Izsak’s gaze flicked to Gabrielle’s face. “You sound unconvinced.”

Gabrielle chuckled, sliding her hands into her pockets. “I even have my reservations about whether the second group that attacked Olive last night are part of the first assassination attempt. We don’t fully understand the motive. There are too many variables to say for certain.”

And nothing could be left up to chance.

“You mean that there might be more than one group?” Lavi frowned. She gave Olive a worried look. “That’s not good.”

“Anyways”—Gabrielle sighed, waving the thought off—“all the royal guards are to submit their conductors for inspection by tomorrow night.” She nodded at the two who stood behind Olive. “Why don’t you two submit your conductors right now? I’ll handle our prince here.”

Trystan and the other guard exchanged uncertain glances, but before they could protest, Izsak stepped between them and pushed them down the hall. “Here, here,” Izsak said good-naturedly as he threw a glance back at Olive and Gabrielle, “I’ll show you where to submit them.”

It wasn’t until the three had disappeared from view that Gabrielle spoke.

“I heard that you used it again,” she said quietly. Her dark eyes seemed to bore into his face as she placed a hand on his shoulder. “Are you all right?
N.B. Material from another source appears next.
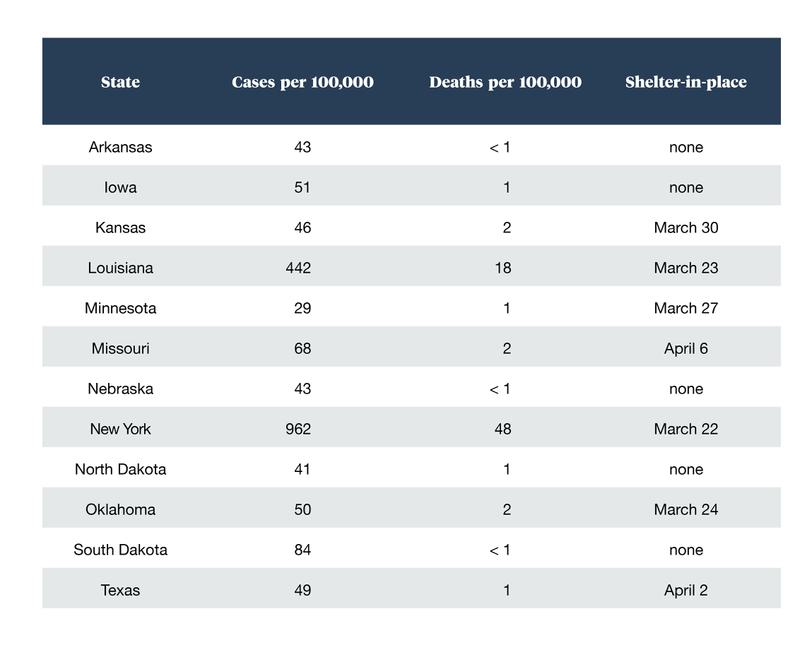 New York is included to show the severity of the outbreak in that state—in the United States, more than a quarter of all cases and more than a third of all deaths have taken place in that one state. Otherwise, all of the states in the Midwest corridor, from North Dakota and Minnesota to Texas and Louisiana, are shown for comparison. (Data on cases and shelter-in-place orders are from the New York Times as of April 13.)

Would you like me to put in a word to Doctor Kingsley?” Olive winced at the pressure, and she pulled back in surprise. “Oh, sorry…” Another pause. “You should get your wound examined. You know how dangerous elemental vitae can be.”

“I’m fine,” Olive replied, shrugging away from the woman. With that, he inclined his head down the hall and headed in the direction. Lavi soon joined him at his side.

“Wait―where―”

“To feed my bird,” Olive said. “It’s quieter.”

“But―”

“I’ll ask for an escort home, so don’t worry. You won’t get in trouble with your superiors.”

“And he says that I have a terrible personality,” Gabrielle sighed before she shouted: “You should be going to the medical Conductors!”

Aries is a warm northern country ruled by a fair king and queen. Beneath the king and queen are feudal lords who are assigned states to govern and given certain duties in turn. The capital is New Ram City which is under the protection of the royal guards, personally selected Conductors chosen to protect the royal family.